Try it:
Copy the listing exactly; drop the pictures.

Information supplied:
.....
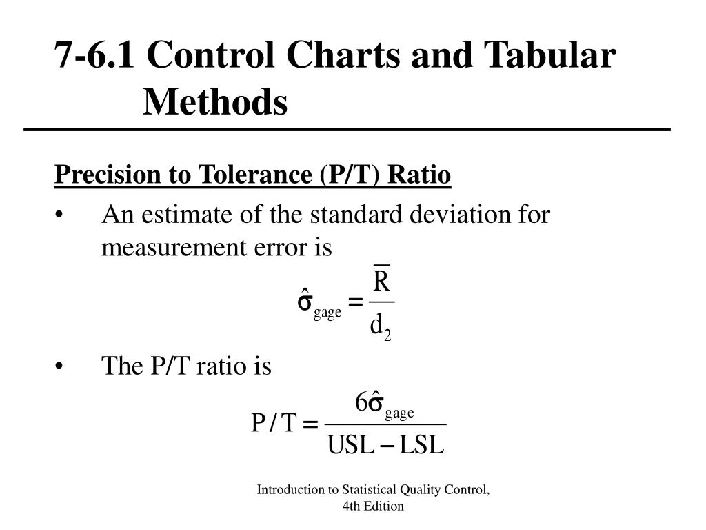 7-6.1 Control Charts and Tabular Methods Precision to Tolerance (P/T) Ratio • An estimate of the standard deviation for measurement error is • The P/T ratio is Introduction to Statistical Quality Control, 4th Edition
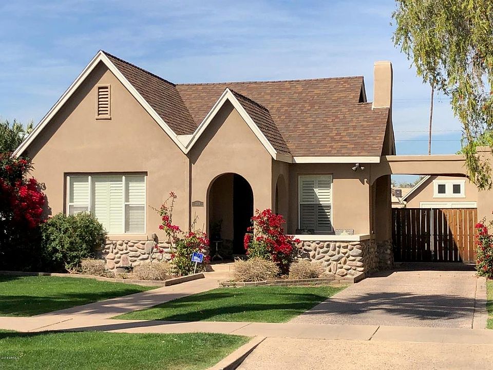 **UNIQUE remodeled home located in the FQ Historic District, walk to restaurants,cafes & enjoy nearby Symphony Hall,Chase Ballpark, art galleries or take the light rail to Tempe. The Original 1928 carved wooden front door leads inside to hardwood floors, wood burning fireplace, 11 ft Cove ceilings & gently arched passageways. Travertine floors, Dark wood cabinets, granite counters in kitchen & baths. Master bedroom with its own bathroom. Hall bath has newly resurfaced original cast iron tub. The detached garage,remodeled as a sound proof music studio also serves as a media room with energy efficient AC, loft for storage & natural wood lined walls & vaulted ceilings. Raised bed organic garden sets as a backdrop for the artfully placed stone walkway. *Priced 24k below appraisal done 9/2017*
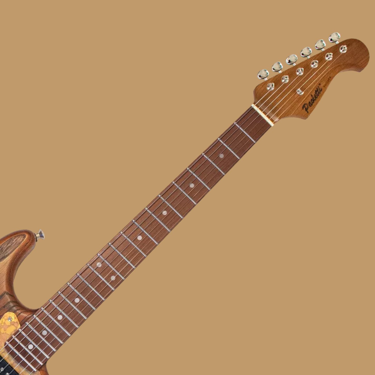 Paoletti gitarlarını benzersiz kılan en önemli unsur, eski şarap fıçılarımızdan özenle korunup geri kazanılan yaşlandırılmış kestane ağacının kullanımıdır. Kestane gövdenin ürettiği titreşimler; frekans, armoni ve tonal sustain açısından eşsizdir ve tüm armonik spektrum boyunca zengin bir ton yelpazesi sunar.
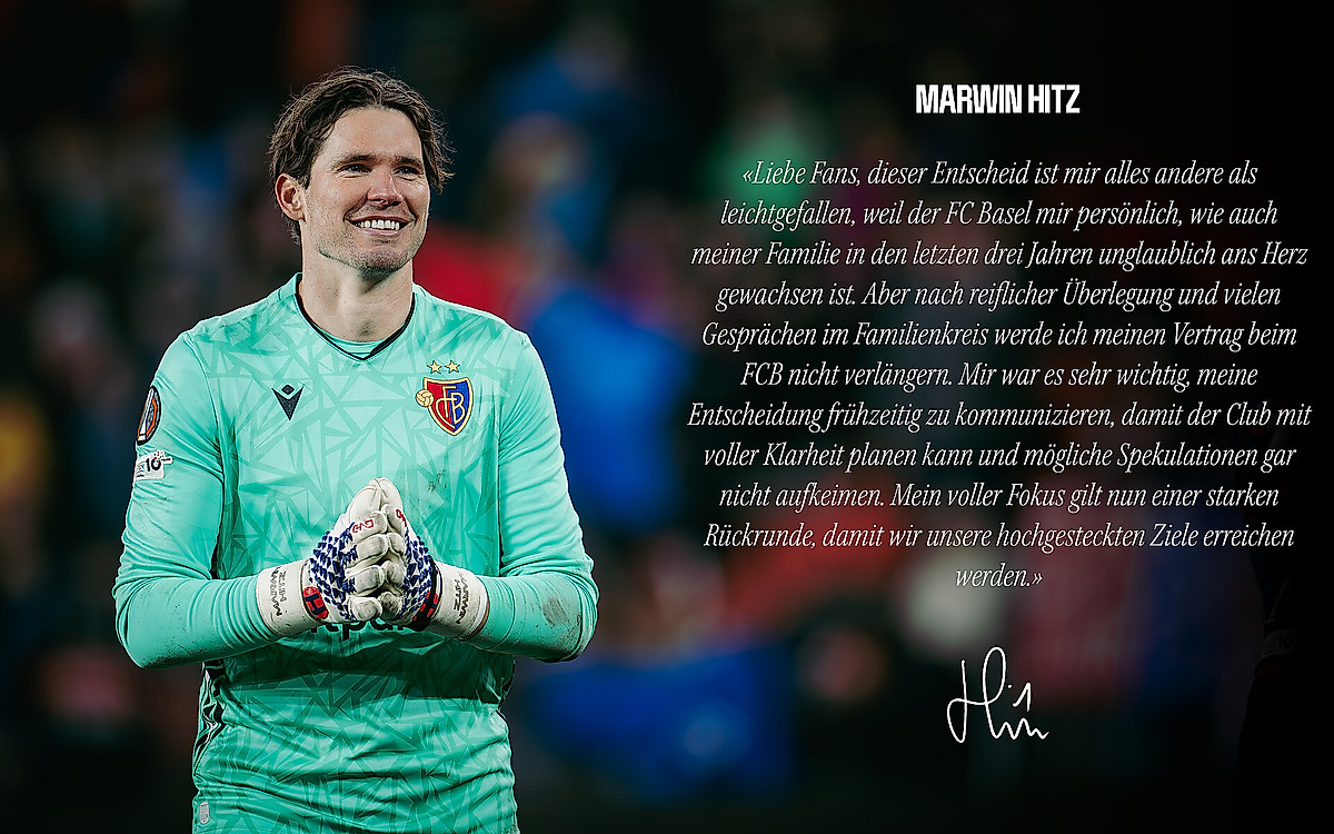 Im Trainingslager in Marbella fand ein Gespräch zwischen Marwin Hitz und Sportdirektor Daniel Stucki über den im Sommer auslaufenden Vertrag unserer Nummer 1 statt. Nach reiflicher Überlegung hat Marwin Hitz sich entschieden, sein Abenteuer beim FC Basel 1893 im kommenden Sommer zu beenden und den Vertrag nicht zu verlängern.
.....
Answer to this exercise:
 7-6.1 Control Charts and Tabular Methods Precision to Tolerance (P/T) Ratio • An estimate of the standard deviation for measurement error is • The P/T ratio is Introduction to Statistical Quality Control, 4th Edition
 **UNIQUE remodeled home located in the FQ Historic District, walk to restaurants,cafes & enjoy nearby Symphony Hall,Chase Ballpark, art galleries or take the light rail to Tempe. The Original 1928 carved wooden front door leads inside to hardwood floors, wood burning fireplace, 11 ft Cove ceilings & gently arched passageways. Travertine floors, Dark wood cabinets, granite counters in kitchen & baths. Master bedroom with its own bathroom. Hall bath has newly resurfaced original cast iron tub. The detached garage,remodeled as a sound proof music studio also serves as a media room with energy efficient AC, loft for storage & natural wood lined walls & vaulted ceilings. Raised bed organic garden sets as a backdrop for the artfully placed stone walkway. *Priced 24k below appraisal done 9/2017*
 Paoletti gitarlarını benzersiz kılan en önemli unsur, eski şarap fıçılarımızdan özenle korunup geri kazanılan yaşlandırılmış kestane ağacının kullanımıdır. Kestane gövdenin ürettiği titreşimler; frekans, armoni ve tonal sustain açısından eşsizdir ve tüm armonik spektrum boyunca zengin bir ton yelpazesi sunar.
 Im Trainingslager in Marbella fand ein Gespräch zwischen Marwin Hitz und Sportdirektor Daniel Stucki über den im Sommer auslaufenden Vertrag unserer Nummer 1 statt. Nach reiflicher Überlegung hat Marwin Hitz sich entschieden, sein Abenteuer beim FC Basel 1893 im kommenden Sommer zu beenden und den Vertrag nicht zu verlängern.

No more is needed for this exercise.